Thomas Piketty est un économiste français né le 7 mai 1971 à Clichy. Après de brillantes études qui le conduisent à l’École normale supérieure, il prépare une thèse à l’EHESS et à la London School of Economics, et obtient un doctorat en sciences économiques. Son travail de doctorant intitulé "Essais sur la théorie de la redistribution des richesses" obtient le prix de la meilleure thèse en 1993. Il enseigne ensuite au MIT, puis revient faire des recherches au CNRS avant d’être nommé directeur d’études à l’EHESS. En 2005, à la demande du gouvernement, il crée l’École d’économie de Paris dont il prend la direction. Considéré comme l’un des plus importants économistes du monde, ses ouvrages sur l’origine des inégalités alimentent le débat public. En 2013, son livre "Le Capital au XXIe siècle" obtient un succès phénoménal. Traduit dans de nombreuses langues, il est considéré comme l’un des plus importants ouvrages sur l’économie du XXIe siècle.

Commentaires :

hugopon
2018-05-04 23:47:16
Cet économiste tente d’expliquer ce que la grogne sociale de ces 30 dernières années ne permet pas de démontrer scientifiquement : un accroissement des inégalités et les raisons qui l’entraînent.
olivier.beaunay
2017-08-16 01:48:45
Pédagogique
philippejb
2017-06-23 16:31:22
Bon résumé cela théorie économique défendu par Piketty
rolland
2017-06-18 20:32:28
Piketty a une vue neutre et objective démontrant l'absurdité de mme Liliane Bettencourt s'enrichissant bien au-delà de la contribution d'un Bill Gates, ce qui laisse à réfléchir.
kougelopf67
2017-04-02 10:43:55
Difficile de résumer 900 pages en dix en donnant des exemples.

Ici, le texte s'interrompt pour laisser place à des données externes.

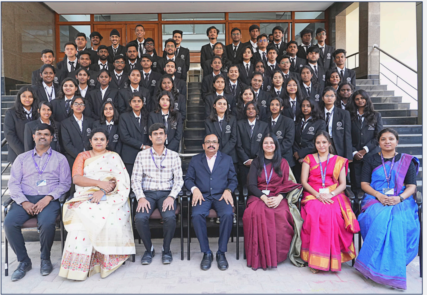
1 st Semester B.B.A.,LL.B.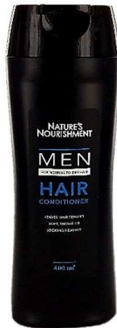
DC888 NBE Compare to Natures Nourishment Men's Conditioner (13.5 fl. oz/400mL)

Il faut être un brillant économiste pour réussir un tel effort de synthèse ou l'auteur lui-même.
mathieu.ades
2017-03-25 11:17:42
Très intéressant et bien résumé.
gautierromain
2016-12-14 22:30:48
Synthétique et puissant
tikilgs
2016-10-19 10:42:19
1: Que le capital a toujours eu tendance à se concentrer dans un petit nombre de mains ? (FAUX, ce résultat dépend des cycles économiques et de statistiques nationales alors que le capital est mondial, seules des stats mondiales ... ) 2: Seuls des évènements violents (guerres ou crises) ont permis de redistribuer les richesses équitablement (le mot permis est inadapté : quand tout est cassé... tout le monde souffre) 3: Aucun phénomène naturel n'a jamais permis de réguler l'accumulation du capital (ce qui n'est pas naturel c'est la connivence et la collusion entre les rentiers et les états-politiques. Le niveau national est l'empêcheur de concurrence, les salariés insiders alliés objectifs des capitalistes nationaux et des politiques, voir Alstom ou Florange. ) 4. Ce qui compte c'est le revenu median d'une communauté, et sa capacité à négocier avec les entreprises du monde entier pour créer, dans son territoire, de bons emplois pérennes et payer de bons impôts en échange de services apportés par cette communauté et ses membres. 5. les stats sur la richesse en comptant les résidents ayant des patrimoines dans le monde entier, notamment dans les pays à croissance rapide et en les comparant à la croissance locale est ABSURDE. La meilleure façon de les améliorer est de faire fuir les très riches ... par exemple en Suisse ou le niveau de vie est + 50% par rapport à la France et le taux d'emplois le plus élevé du monde. ​Il s'avère que j'ai lu et annoté 2 fois Piketty, avant son succès "politique" aux USA, et discuté avec lui... et que son livre, s'il contient un très gros travail statistiques mondiales de 20 ans, contient bcp d'approximations dans les courbes mises en avant et dans les mécanismes. Faites lire Zimmern http://www.irdeme.org/ à vos adhérents : (dans les pays et territoires où la connivence n'est pas trop forte) les très riches ne le sont pas longtemps et la majeure partie des riches sont des entrepreneurs de longue durée et créateurs d'emplois (en proportion de leur richesse)... Il manque à votre résumé sur un pitch politique, une vraie recension bien faite et non politique.